I think we need 1-2 mods around here... I havent seen Maverick_Fan logged on here in a week and though nothing has happend yet, something is bound to happen

A few people who are SMs on the Mavs board who can be mods are

Drag
Chaos
Me
Edwardych(who I havent seen in days)

So do you guys think we need atleast 1 more mod?


----------



## Premier (Oct 30, 2003)

Mavericks_Fan has posted seven times in this forum today.


----------



## t1no (Jul 10, 2005)

Saint Baller said:


> I think we need 1-2 mods around here... I havent seen Maverick_Fan logged on here in a week and though nothing has happend yet, something is bound to happen
> 
> A few people who are SMs on the Mavs board who can be mods are
> 
> ...


Funny how you say "me". I saw Maverick_Fan a few days ago and today. We don't need another mod, he's doing a good job.


----------



## Jet (Jul 1, 2005)

Yeah, Mavericks_fan was online today, but I understand why you think we need more mods around here. All the posting is going crazy right now because of the Playoffs and Finals and stuff.. but the offseason is approaching and once it comes the posting is gonna die down. So I think another mod would be a better idea for the start of the 06-07 season.


----------



## t1no (Jul 10, 2005)

Jet said:


> Yeah, Mavericks_fan was online today, but I understand why you think we need more mods around here. All the posting is going crazy right now because of the Playoffs and Finals and stuff.. but the offseason is approaching and once it comes the posting is gonna die down. So I think another mod would be a better idea for the start of the 06-07 season.

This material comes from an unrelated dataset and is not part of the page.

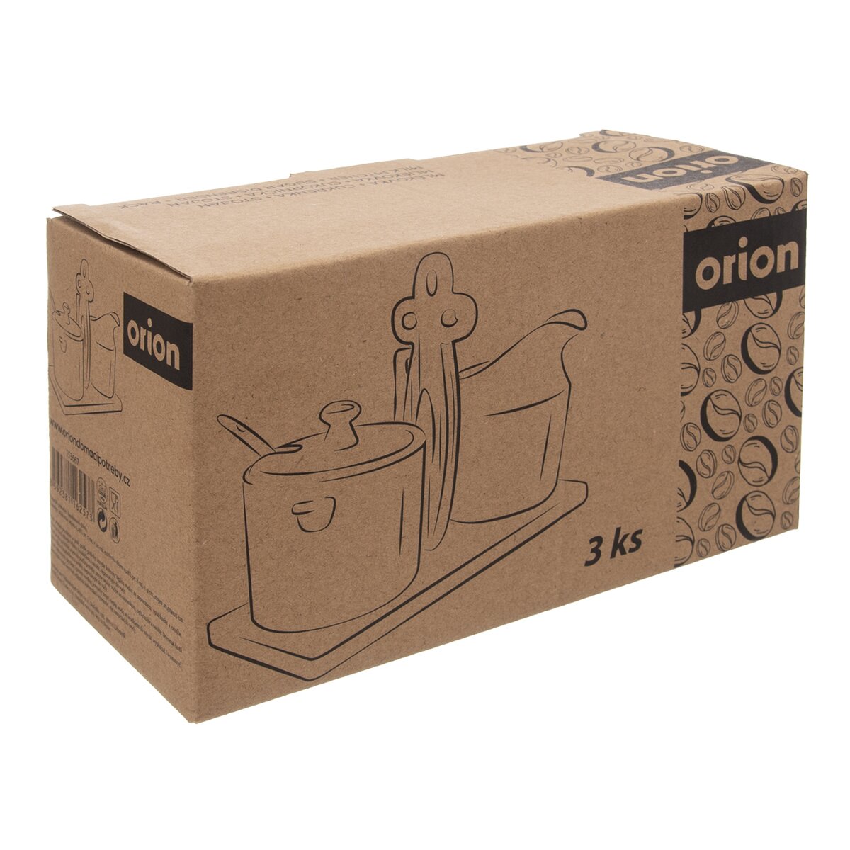 Krásně vypadající porcelánová mlékovka a cukřenka s vloženou lžičkou a bambusovým víčkem. Obě nádoby o objemu 0,28 l jsou usazeny v bambusovém stojanu s dekorativním držadlem.

It's not crazy, in the playoffs section yes but it's fine here. I don't think another mod is going to help anything.


----------



## Saint Baller (May 3, 2006)

Well I havent seen him around at all today, sorry if this is causing trouble just saying...

Can a mod lock this?


----------



## Saint Baller (May 3, 2006)

t1no said:


> Funny how you say "me". I saw Maverick_Fan a few days ago and today. We don't need another mod, he's doing a good job.


 Yeah he is but I havent seen him in days, so yeah...

Not saying I should become a mod but just saying I think we need another mod.


----------



## The Future7 (Feb 24, 2005)

Nah we dont need another mod yet. Mavericks_Fan was just a little inactive. He's back though.


----------



## Dragnsmke1 (Jul 29, 2002)

I cant be a mod...I beleive too much in freedom of speech no matter how dumb or unagreeable what a person says is :biggrin:


----------



## Mavericks_Fan (Apr 19, 2005)

Just for clarification, I am set to invisible mode, so just because you don't see my name in the ledger doesn't mean I'm not here


----------



## The Future7 (Feb 24, 2005)

Oh I forgot that they had invisible mode, I always wondered how you would just come out of nowhere and post then just disappear off the site.


----------



## t1no (Jul 10, 2005)

Mavericks_Fan said:


> Just for clarification, I am set to invisible mode, so just because you don't see my name in the ledger doesn't mean I'm not here


Mavericks_Fan is a hero with special powers, i am jealous.


----------



## Mavericks_Fan (Apr 19, 2005)

t1no said:


> Mavericks_Fan is a hero with special powers, i am jealous.


The only truly special powers I have shouldn't be discussed publically


----------



## IbizaXL (Sep 21, 2005)

Mavericks_Fan said:


> The only truly special powers I have shouldn't be discussed publically


yes, only the ones that are Mod-sensative can enjoy these powers

muahahahahaha!


----------



## Unique (Apr 13, 2005)

Gio305 said:


> yes, only the ones that are Mod-sensative can enjoy these powers
> 
> muahahahahaha!


:clap:


----------



## edwardcyh (Dec 13, 2005)

Gio305 said:


> yes, only the ones that are Mod-sensative can enjoy these powers
> 
> muahahahahaha!


 :clap:


----------



## Pimped Out (May 4, 2005)

Gio305 said:


> yes, only the ones that are Mod-sensative can enjoy these powers
> 
> muahahahahaha!


i feel so left out


----------



## Yao Mania (Aug 4, 2003)

Hey sorry guys, I'd like to drop by more often but it's been a very busy past few weeks for me. This is such a great time for the Mavs board, and I'm really happy to see the amount of posting that's been going around here lately. So do try to behave yourselves and good luck in the finals!


----------